Para avaliar diretamente o impacto da FoxO1 citosólico na autofagia em células de cancro PC3, nós introduzida em células num vector de expressão que contêm Flag-tagged FOXO1 modificado para ter uma mutação de ligação ao ADN defeituosa, FOXO1-ΔDB [33]. O FOXO1-ΔDB assim expressa é não-funcional, tal como um factor de transcrição e, curiosamente, quase exclusivamente localizada no citosol. Em ambas as células PC3 (Fig. 5C) e H1299 células (Fig. 5D), proteína Flag-FoxO1-ΔDB foi localizada exclusivamente para o citosol como esperado [33] e Flag-FoxO1-ΔDB expressando células (vermelho) tinham nível claramente mais elevado de autofagossomas do que a de células não-transfectadas. A análise da imagem mostrou aumento estatisticamente significativo da autophagosome em células que expressam FOXO1 cytosolically localizada. Estes dados fornecem evidência direta para apoiar a noção de que a acumulação citosólica de FoxO1 nestas células cancerosas, de fato promove autofagia, independente da sua função nuclear.

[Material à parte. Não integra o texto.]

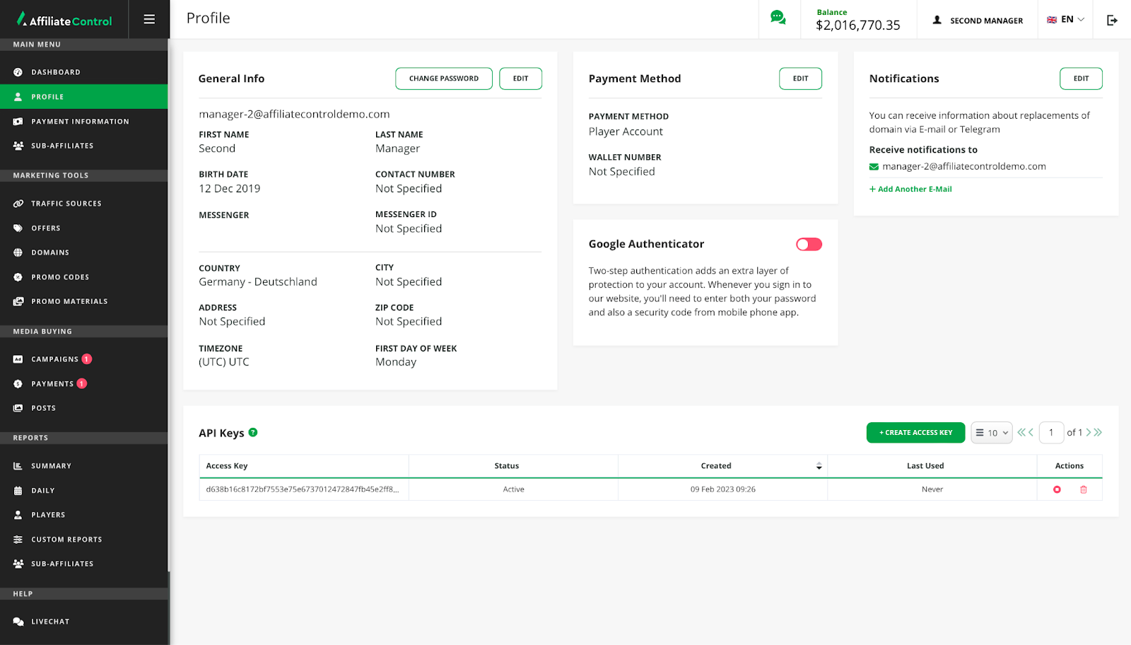 You can manage your account settings or create reports using our API. The API specification is described at https://affiliatecontrol-api.com/affiliates/docs/
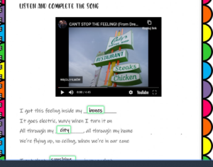 Ewolucja muzyki, uzupełnianie tekstów piosenek, poznanie nazw instrumentów muzycznych oraz wiele innych aktywności towarzyszyło uczniom na lekcji z języka angielskiego.
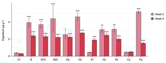 Fungal biomass stimulation in soil amended with sawdust of seven wood types, pre-decomposed beech sawdust, and paper pulp (WT experiment). Soil treatments are indicated as: Ct = control, B = beech sawdust, B10 = 10% pre-decomposed beech, B20 = 20% pre-decomposed beech, Oa = oak, Ha = hazel, El = elder, Ho = holly, Wi = willow, Cy = cypress, Pa = paper pulp. Ergosterol concentration is shown for amended and control pots (mean ± SE, n = 5) at the time of beetroot sowing (two weeks after amendment) and at harvesting of beetroot seedlings (five weeks after amendment). Significant differences between each treatment and the control (Dunnett’s test) are indicated as * 0.05 > p > 0.01; ** 0.01 > p > 0.001; *** p < 0.001.
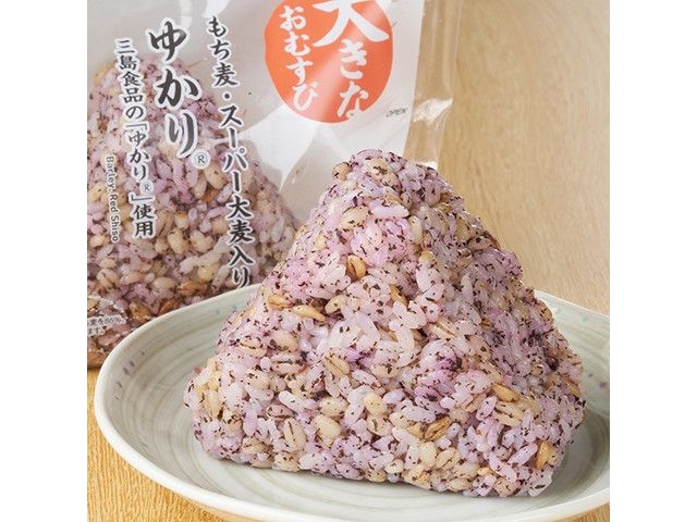 食物繊維が豊富なスーパー大麦ともち麦入りのごはんに「三島食品」の「ゆかり®」を混ぜ込みました。ボリュームタイプのおむすびです。 ※宮崎県、鹿児島県では取り扱いがございません。
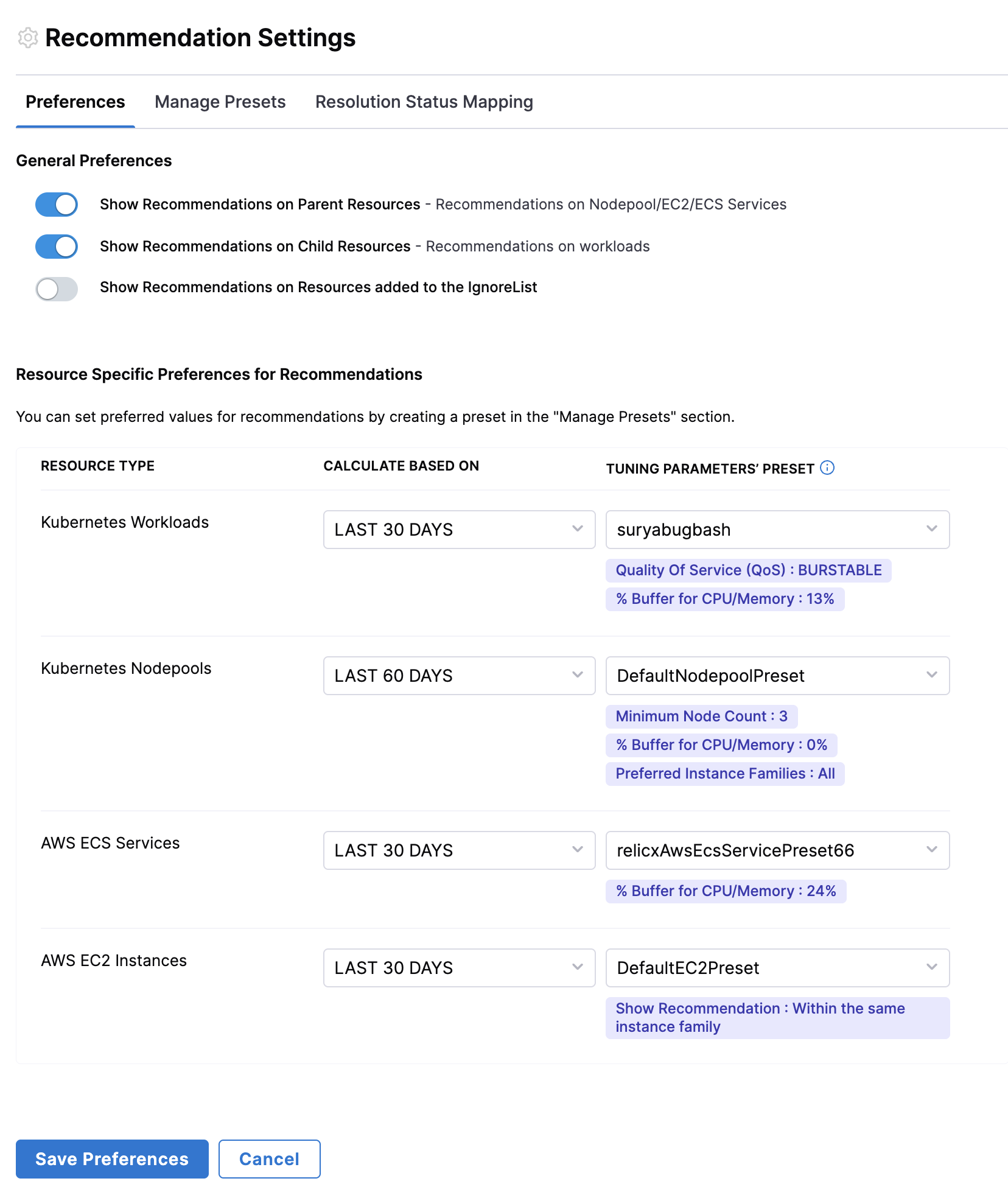 This helps users to create and save customized configurations for their recommendations. These presets capture specific user preferences, such as tuning parameters for resource types like workloads, nodepools, ECS, and EC2 instances.

indução citosólico FoxO1 mediada da autofagia é independente da supressão da atividade mTORC1
mTORC1 é um sensor bem reconhecido para a nutrição e o factor de crescimento de sinalização; inibe a autofagia em resposta à sinalização de crescimento. Assim, examinamos a actividade de sinalização mTORC1 quando a expressão ou FOXO1 FOXO3a é suprimida com siARN. FOXO3a knockdown levou a uma elevação significativa da autofagia como visto acima; alterações não significativas no padrão de fosfo-4EBP1 e fosfo-S6 foram observados em células com knockdown FOXO3a enquanto autofagia foi marcadamente induzidos (Fig. 6A, DMSO), sugerindo que a elevação de autofagia induzida por FOXO3a knockdown provavelmente não era através da inibição da mTORC1 . Digno de nota, FoxO1 knockdown mediado baixo regulação da autofagia foi acompanhada por uma inibição da sinalização mTORC1, com base em ambos os padrões de fosfo-S6 (Fig. 6B, DMSO) fosfo-4EBP1 e, que também apoiou a noção de que a regulação FOXO da autofagia era não mediada através da sinalização mTORC1 clássico neste caso.
(a) as células PC3 foram transfectadas com ARNsi de segmentação FOXO3a como indicado. Após 48 horas da transfecção, as células foram submetidas a tratamento de rapamicina durante 24 h antes do processamento para a análise de imunomarcação de proteínas indicadas. (B) As células PC3 foram submetidos ao estudo semelhante ao descrito em (A), excepto siRNA alvejando FOXO1 foi utilizado tal como indicado. Todos os experimentos foram realizados três vezes com resultados semelhantes.
Para melhor avaliar a interação entre a sinalização mTOR e autofagia FOXO-regulada, combinamos quer FOXO3a ou FoxO1 knockdown com o tratamento rapamicina em células PC3.